You are describing two symptoms -- the healthcare system and the USPS (I am old enough to remember when it was the US Post Office) -- of a larger plot against the people of the United States; one so large as to be difficult to see. It may have begun, as you suggest, under Nixxon or even earlier, but it took firm root under (ptui!) Reagan. It has no name, that I know of, unless it's something awful like "oligarchicization." It is hard to see the whole thing, but it has many manifestations that are not; a few of which are:
  • The rapid shift from stakeholder corporate management to shareholder corportate management, around 1982-6.

  • The dismantling of the protections (I'm looking at you, Glass-Steagall) put into place in the wake of the Great Depression.

  • The monetization of the electoral system, culminating in Citizens United, which essentially put government in the hands of the 1%ers.

  • The gradual trend to subservience of the mainstream media, managed by a variety of means ranging from intimidation to purchasing the controlling companies (can you say Jeff Bezos? I knew you could), thus making it hard to rebel because most citizens don't even realize that there's something to rebel against until it's too late.


I and my family are abandoning ship - somewhat against my will, but my beloved spousal overunit is adamant, and I'm not going to give up nearly fifty years of marriage to fight a battle against seemingly-impossible odds, at my age. As the man said, "The past is dead, the present stinks, and even the future ain't what it used to be."

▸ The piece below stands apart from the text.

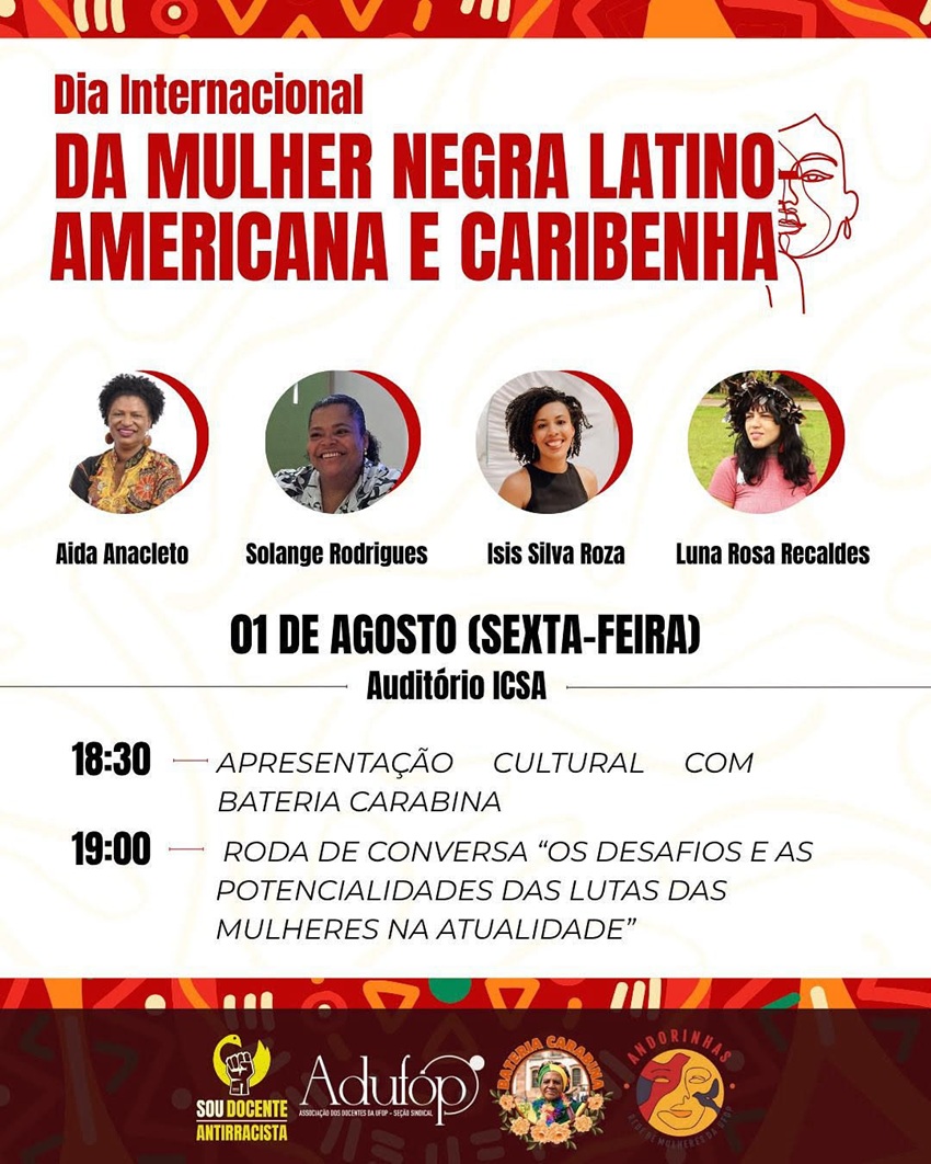 Em celebração à data, o evento visa refletir a cultura e resistência dessas mulheres. O evento vai contar com a apresentação cultural da Bateria Carabina e com a roda de conversa “Os desafios e as potencialidades das lutas das mulheres na atualidade”, reunindo mulheres de diferentes trajetórias para compartilharem experiências e reflexões sobre os caminhos de resistência das mulheres negras, indígenas, latino-americana e caribenhas.

Date: 2026-01-13 08:47 pm (UTC)
kengr: (Default)
From: [personal profile] kengr
That bit about not having empty rooms or "idle" personnel is part of a far too common misunderstanding of statistics. This distorts pretty much *any* "service" industry (grocery stores are a good example)

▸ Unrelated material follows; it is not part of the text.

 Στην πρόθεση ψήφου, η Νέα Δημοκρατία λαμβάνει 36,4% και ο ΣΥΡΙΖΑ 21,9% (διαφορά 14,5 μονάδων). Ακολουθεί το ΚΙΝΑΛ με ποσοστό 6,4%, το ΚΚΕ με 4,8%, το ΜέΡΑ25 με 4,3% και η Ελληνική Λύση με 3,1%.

The misunderstanding has to do with "average (and a related but lesser known statistical property that I believe is called t-scores)

If you staff (or provide rooms, etc) for "average"load/traffic, then that means that 50% of the time you will not have enough staff or whatever. That's essentially the *definition* of average (mean).

What really needs to be done is decide what percentage of the time you are willing to be under-staffed. 100% is impossible, of course and getting close *will* be unreasonably expensive.

But is you use that other measure (t-scores? it's been a *long* time since I worked with stats) can can use statistics to see what you'd need for a given service level and plan for *that*.

Of course, that costs more money. But in a *rational* system, that'd be seen as a cost of doing business rather than waste.

Frankly, I'd *love* to see the laws *require* critical services (not just healthcare) to be set up to handle some specific "load". 75%? 90%, 95%?

Of course, the screams would be audible in orbit. But the reality is that if they can't handle emergencies, they shouldn't be in business in the first place.